# Supplied data
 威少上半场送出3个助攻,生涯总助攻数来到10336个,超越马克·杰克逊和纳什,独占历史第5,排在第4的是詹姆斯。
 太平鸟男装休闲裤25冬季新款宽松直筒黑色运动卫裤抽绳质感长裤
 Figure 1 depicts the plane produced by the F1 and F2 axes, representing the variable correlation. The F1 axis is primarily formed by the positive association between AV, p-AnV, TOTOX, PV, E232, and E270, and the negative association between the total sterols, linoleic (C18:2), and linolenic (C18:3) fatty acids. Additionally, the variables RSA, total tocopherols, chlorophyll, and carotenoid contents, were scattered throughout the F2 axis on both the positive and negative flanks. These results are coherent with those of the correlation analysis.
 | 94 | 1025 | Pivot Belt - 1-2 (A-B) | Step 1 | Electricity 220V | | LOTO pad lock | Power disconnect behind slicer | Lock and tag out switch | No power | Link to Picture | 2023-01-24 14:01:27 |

==

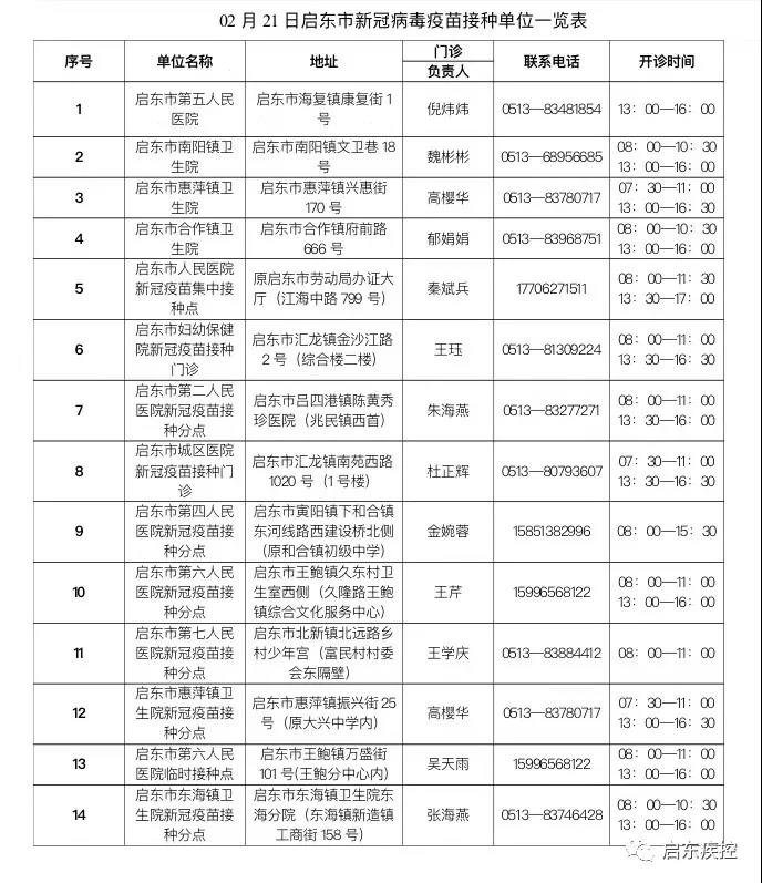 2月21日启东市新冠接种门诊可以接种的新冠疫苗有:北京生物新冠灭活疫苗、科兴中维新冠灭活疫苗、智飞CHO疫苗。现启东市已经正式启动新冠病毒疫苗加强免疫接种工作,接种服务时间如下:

# Exercise objective
Given the records above, return exactly the lines starting at the line containing "Figure 1 depicts" and ending at the line containing "2023-01-24 14:01:27 |", including both.

# Written solution
 Figure 1 depicts the plane produced by the F1 and F2 axes, representing the variable correlation. The F1 axis is primarily formed by the positive association between AV, p-AnV, TOTOX, PV, E232, and E270, and the negative association between the total sterols, linoleic (C18:2), and linolenic (C18:3) fatty acids. Additionally, the variables RSA, total tocopherols, chlorophyll, and carotenoid contents, were scattered throughout the F2 axis on both the positive and negative flanks. These results are coherent with those of the correlation analysis.
 | 94 | 1025 | Pivot Belt - 1-2 (A-B) | Step 1 | Electricity 220V | | LOTO pad lock | Power disconnect behind slicer | Lock and tag out switch | No power | Link to Picture | 2023-01-24 14:01:27 |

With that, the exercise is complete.